Cara Ampuh Membesarkan Otot Lengan

Cara ampuh membesarkan otot lengan seringkali menjadi tujuan utama bagi banyak orang yang ingin meningkatkan kekuatan dan penampilan fisik mereka.

Tidak hanya untuk alasan estetika, tetapi juga untuk kesehatan secara keseluruhan. Berikut adalah beberapa cara ampuh untuk membantu Anda mencapai tujuan ini:

Cara Ampuh membesarkan otot

Cara Ampuh Membesarkan Otot Lengan: Latihan Beban yang Tepat

Latihan beban atau kekuatan adalah kunci utama untuk membangun otot lengan. Fokus pada latihan yang melibatkan otot-otot besar seperti bicep, tricep, dan deltoid. Beberapa latihan yang efektif meliputi:
• Curls Bicep: Gunakan barbel atau dumbbell untuk melakukan curls bicep. Pastikan untuk mengontrol gerakan dan fokus pada kontraksi otot.
• Tricep Dips: Latihan ini dapat dilakukan dengan menggunakan bangku atau bar paralel untuk menargetkan otot tricep secara efektif.
• Shoulder Press: Melibatkan otot deltoid, latihan ini membantu memperkuat dan membentuk bahu Anda.

Frekuensi dan Intensitas Latihan

Penting untuk konsisten dalam latihan dan meningkatkan intensitas secara bertahap. Pertimbangkan untuk melibatkan otot lengan setidaknya dua hingga tiga kali seminggu, dengan istirahat yang cukup antara sesi latihan. Peningkatan berat atau jumlah repetisi juga mempengaruhi kondisi tubuh.
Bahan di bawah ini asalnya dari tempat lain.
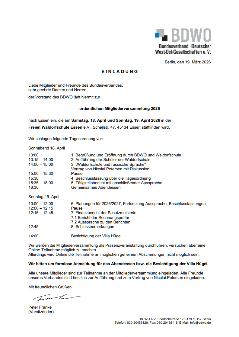 Einladung zur Mitgliederversammlung des BDWO (Bundesverband Deutscher West-Ost-Gesellschaften e.V) am 18./19. April in der Waldorfschule in Essen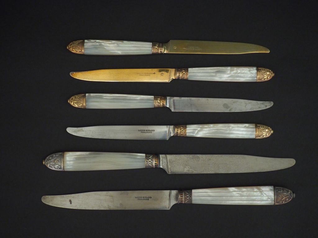 Ensemble de couteaux assortis, manche en nacre cannelée. Comprenant : - douze couteaux à fruit lame en vermeil, poinçon Minerve. - douze grands couteaux, lame en métal (sauts de vermeil) - douze couteaux à fromage, lame en métal M.O : Louis Girard à Toulouse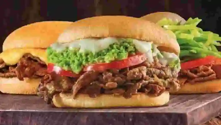 Sándwich con pan de 28 cm, 600 gr de proteina y aderezos a elegir, huevo frito, cebolla caramelizada, queso fundido, acompañado de papas fritas.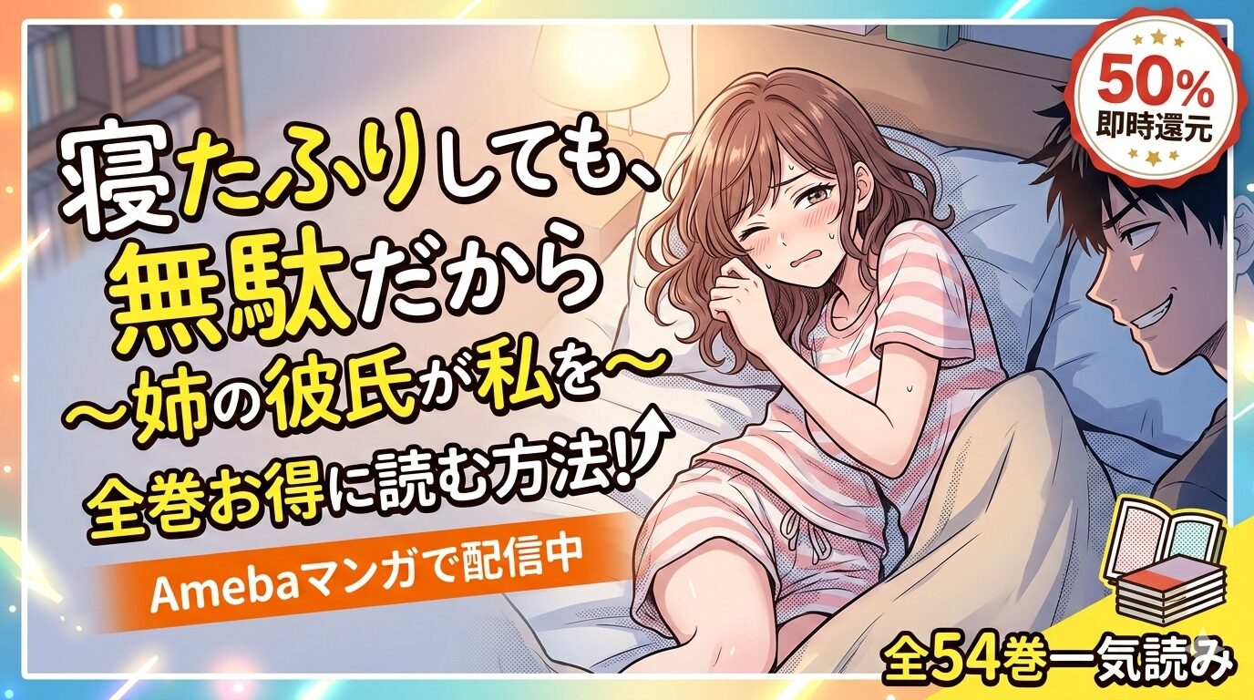 「寝たふりしても、無駄だから~姉の彼氏が私を~」を全巻お得に読みたい方へ。結論から言うと、Amebaマンガなら話売り全54巻が配信中で、新規登録の100冊50%即時還元を使えば実質約4,455円で一気読みできます。完結済みの今だからこそ、最安で最後まで駆け抜ける方法を徹底解説します。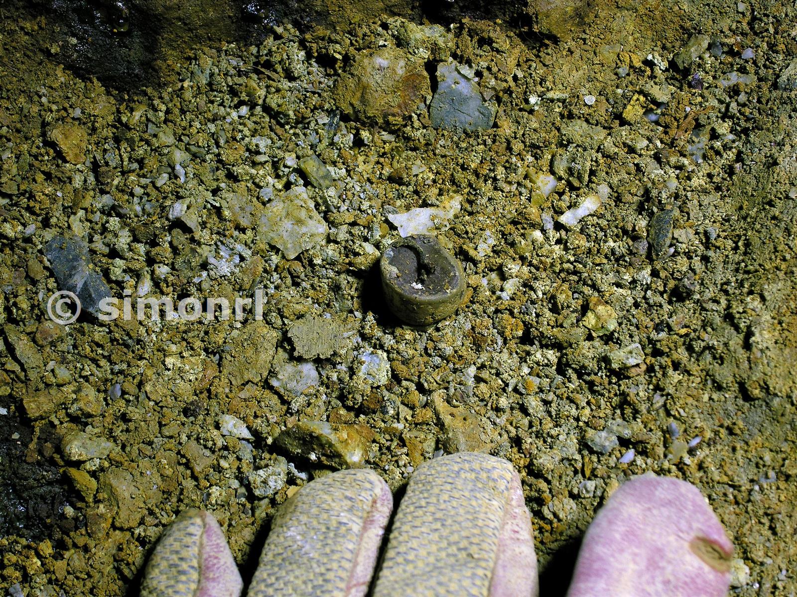 A tiny tallow candle stump on the xx fathom level, the gloved hand is providing scale.

Jika 7 kali dalam seminggu bisa di katakan terlalu sering. Dalam artian tidak ada istirahat untuk tubuh. Alangkah baiknya jika frekuensi dan intensitas latihan dapat di seimbangkan dengan kondisi tubuh. Idealnya, dalam satu minggu frekuensi dan intensitas latihan 3 sampai 4 kali saja. Bahkan, seorang binaragawan untuk maksimal latihan nya hanya di sarankan 6x dalam satu minggu.

Volume

Pada saat kita membahas “volume” dalam rencana pelatihan, maka kita berbicara tentang beban kerja yang akan kita lalui pada saat pelatihan untuk setiap otot. Jika sebuah rencana dengan volume tinggi anda dapat melakukan nya denga 5-10 set per exercise.
15+ repetisi per set, dan 10 exercise perhari. Rencana dengan volume yang rendah mungkin akan membuat anda menentukan target 3-5 set per exercise, 4-6 repetisi per set, dan 3-5 kali exercise perhari. Program powerlifing biasanya adalah program dengan volume rendah. Sementara program endurance akan cenderung menjadi latihan dengan rencana volume yang tinggi. Sering di temukan bahwa rencana dengan frekuensi tinggi akan berjalan dengan sangat baik dengan recana volume tinggi dan rencana frekuensi rendah akan berjalan dengan baik dengan cara volume rendah. Terlepas dari gaya anda disini, jika frekuensi mempengaruhi volume, maka volume juga di pengaruhi oleh Intensitas yang sudah di bahas sebelumnya di atas.